Overcoming mobile cloud computing challenges with distributed apps

Mobile cloud computing solutions are challenged by network latency and delay, but distributing mobile cloud applications so they're closer to users may be an answer to the problem.

This article can also be found in the Premium Editorial Download: IT in Europe: How networks are adapting to virtualisation

Mobile cloud computing solutions hold the promise of delivering corporate applications to employees on any device in any location, but for now, latency issues stand in the way. The answer to increasing efficiency in the mobile cloud may be in changing the way apps are served up.

"Mobile cloud computing is unique in its challenges," said Renaud Larsen, chief architect for cloud at Juniper Networks. "The mobile ecosystem has to traverse many complex layers, each of which adds network latency and transmission delay. In addition, the cloud allows users to swap devices and retain access to information—this is a disruptive development, and means that cloud apps need to cover the whole cross-device mobile infrastructure."

Networking pros face three key mobile cloud computing challenges:

  • Lowering network latency to meet application and code offload interactivity.
  • Increasing network bandwidth for faster data transfer between the cloud and devices.
  • Providing adaptive monitoring of network conditions to optimise network and device costs against the user's perceived performance of cloud applications.

Improving mobile cloud computing solutions with distributed apps

Cloud service providers can reduce network latency and slow downloads by moving applications closer to the user. “Just as pushing content, such as video and podcasts, closer to the device saves bandwidth and cuts transmission delay, [so does] distributing highly immersive apps, such as real-time translation,” Larsen said. 

Moving the application closer to the user will also change the cost model, Larsen said. "If we move the application closer to the user, we have to balance the saving of bandwidth against the additional OPEX," he said. Distributing applications can help the fact that “clouds today don't have carrier-grade features and Infrastructure as a Service is already a commodity.”

Additionally, while desktop applications such as email and remote desktop are moving into the Web browser, mobile platform apps will move away from the browser. “The browser will disappear on tablets and we will just have a store of apps. mobile apps will communicate directly to the cloud service itself, as opposed to needing the user to launch a Web browser and navigate through the mobile Web.”

When devices are the problem behind mobile cloud computing solutions

While optimising application delivery on the network will reduce latency, delays often occur at the device itself. That can also be addressed through mobile cloud applications.
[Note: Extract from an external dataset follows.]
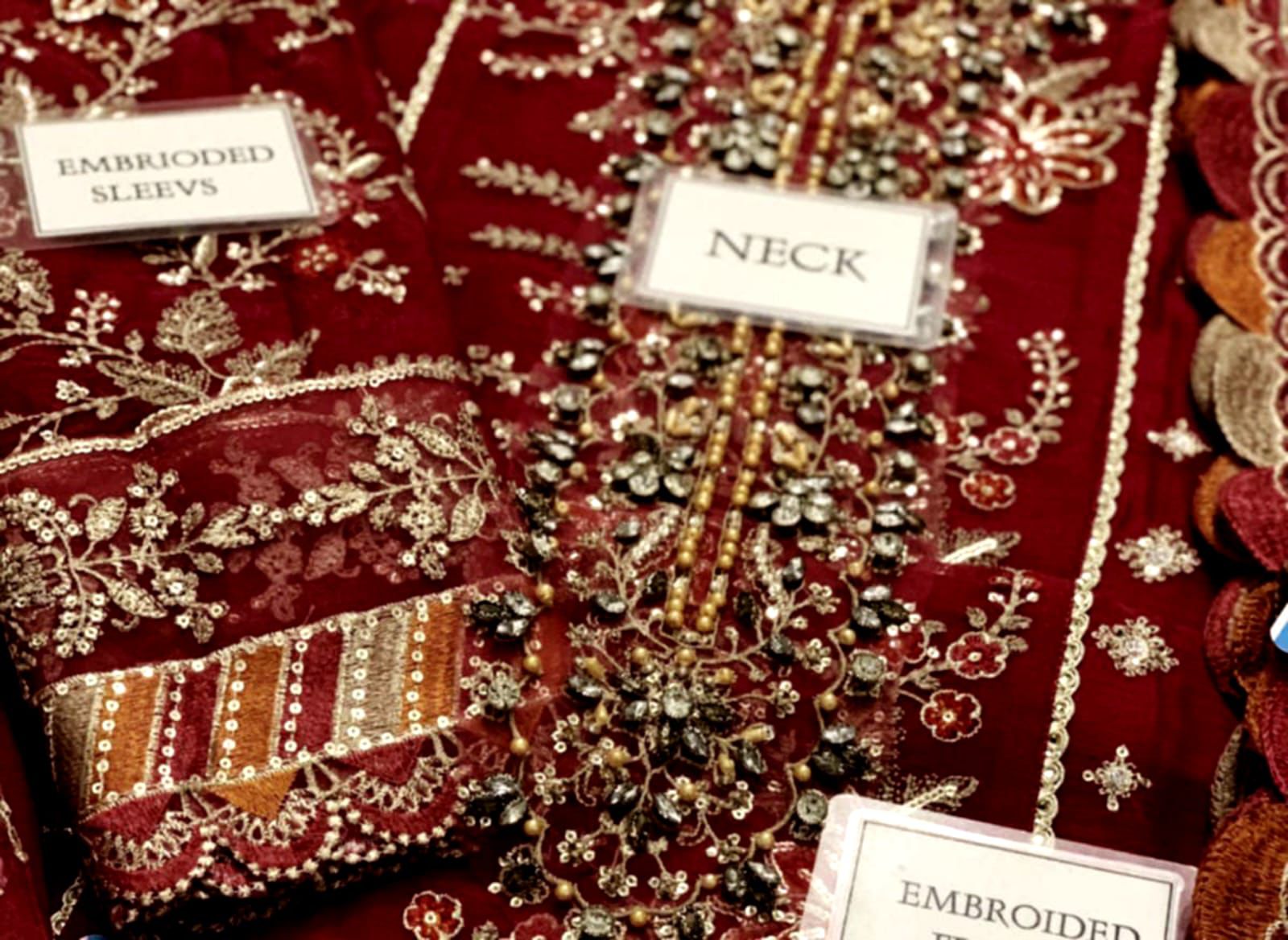 Chiffon front panels heavily embroidered with intricate spangle work, enhanced with a detailed embroidered neckline and hand embellishment.

“The mobile device is resource-poor, and that will not change in the coming years, so one element is to take processing away from the device and into the cloud. Rich interactions kill battery life too, so mobile applications will store your data in the cloud as opposed to on the mobile device, and applications will become more powerful as processing power is offloaded to the cloud,” Larsen said.

What mobile cloud application developers must consider

While distributing applications is important, developers will also need to change the nature of corporate applications for these apps to work in a mobile environment.

"A big question [for developers] is how to manage the multiscreen experience in the mobile world," Larsen said. "For example, if the user starts a session on a tablet, and then moves to a smartphone or car, how do we make data check in and out automatically? The issue is stickiness, not just provisioning. Then you need to have a decent interconnection with consistency of management."

Larsen concludes that ultimately, it is all about the app: "The cloud is about applications, so the key is to understand the application characteristics and to identify which applications are ready to be distributed."